There’s no glossing over the facts – most of us could do with brushing up on our painting skills.

So if you’ve already read up on how to paint a room, you’ll be able to find some additional hints and tips in this blog post.

Brush, roller, or pad?

A brush is ideal for covering small spaces and areas where accuracy is important, such as woodwork and edges. Synthetic-bristle brushes should be used with latex paints, while synthetic or natural-bristle brushes can be used with oil paints.

Rollers are the most common tool for covering walls; pads provide a cleaner alternative – but need dipping in paint more often.

Always use a paint kettle

Lugging around a big tin of paint can get tiring, so the professionals always decant into a smaller and more portable pot called a ‘kettle’. If you decide to use one of these, then carefully line it with foil to make cleaning up a doddle.

Get an even finish

When you’re using a paint brush, dip a third of it in paint and then wipe the excess off before starting. This will help you to avoid overloading your brush and subsequently painting thick and thin patches on your walls.

Watch our video to find out how to avoid paint drips running down the side of your tin and making a mess.

Cutting in

Cutting in is the technique used to paint a corner, such as the line between the wall and ceiling.
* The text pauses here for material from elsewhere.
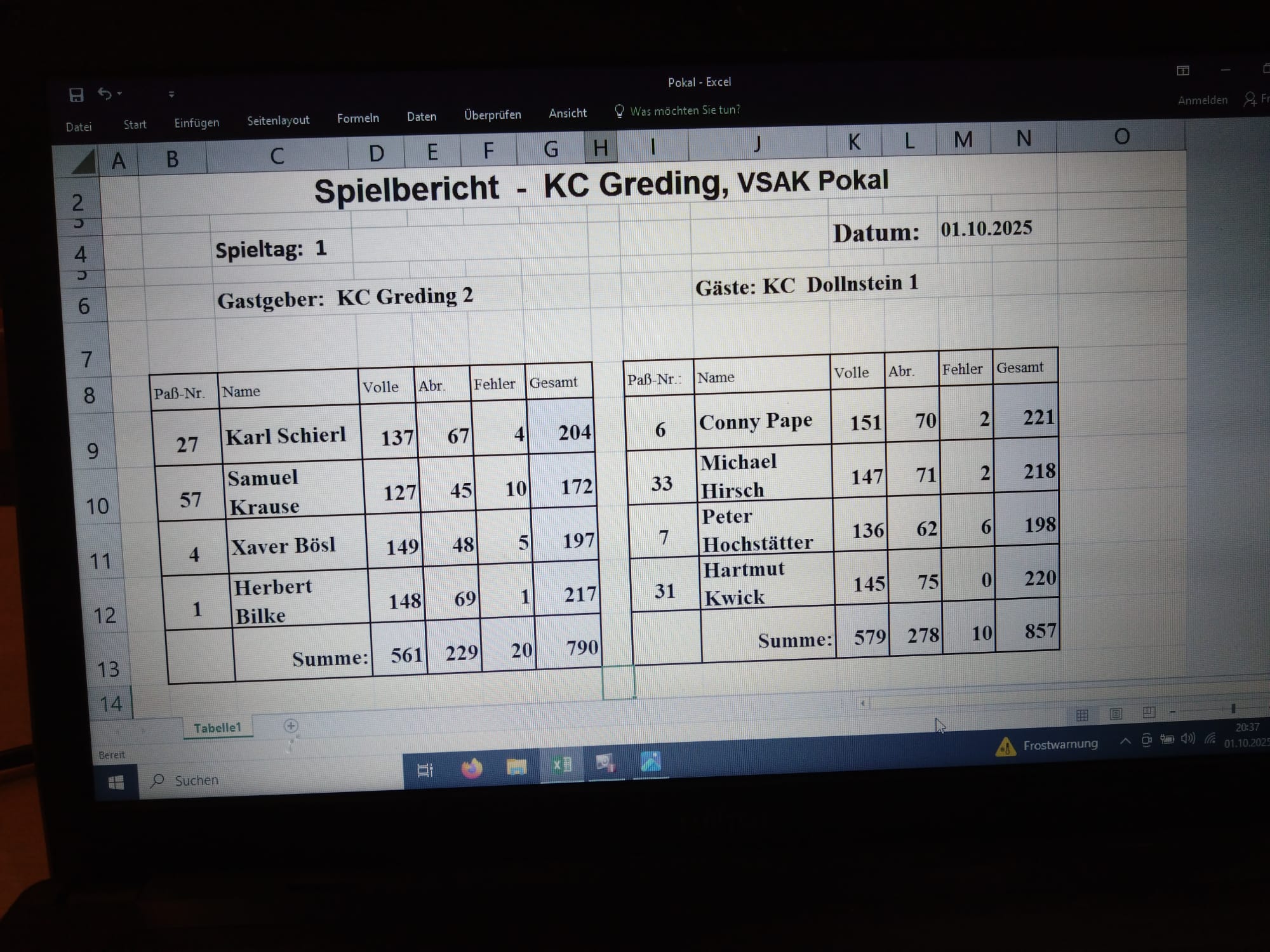 | 20 | Sa 22.11.2025 | 12:00 | KC Dollnstein 1 | Oberliga | 926 | 879 | KC Mühlhausen 1 | Oberliga | https://www.vsak.de/wp-content/uploads/2025/11/IMG-20251122-WA0005.jpg |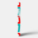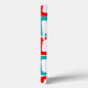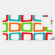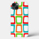 Den här telefonväskan har en modern design i mitten av århundradet som består av upprepade skevade rektanglar i rött, orange, grönt och turkos.

Keep the brush tight up to the edge and use long strokes to help maintain a smooth, clean line. Concentration is key.

Keep a rag nearby

Sounds like obvious advice, but it’s only when you have a spill that you’ll notice you haven’t got a rag handy to tidy up with.

To clean, or not to clean your brushes?

If you’re only taking a break for lunch, then there’s no point in fastidiously cleaning your brush. Instead, tightly wrap it in a plastic bag and seal it with tape. You can even do this at the end of the day, but store your equipment in the freezer because then the paint won’t dry.

Once the job is finished, you should do a thorough clean. Remove any excess paint from the brush by wiping it with a cloth, and then you should stir it in a jar filled with either white spirit (oil and gloss) or warm water with washing-liquid (emulsion), making sure to separate all the bristles. Repeat the steps three or four times and then give the brush a good rinse under a tap.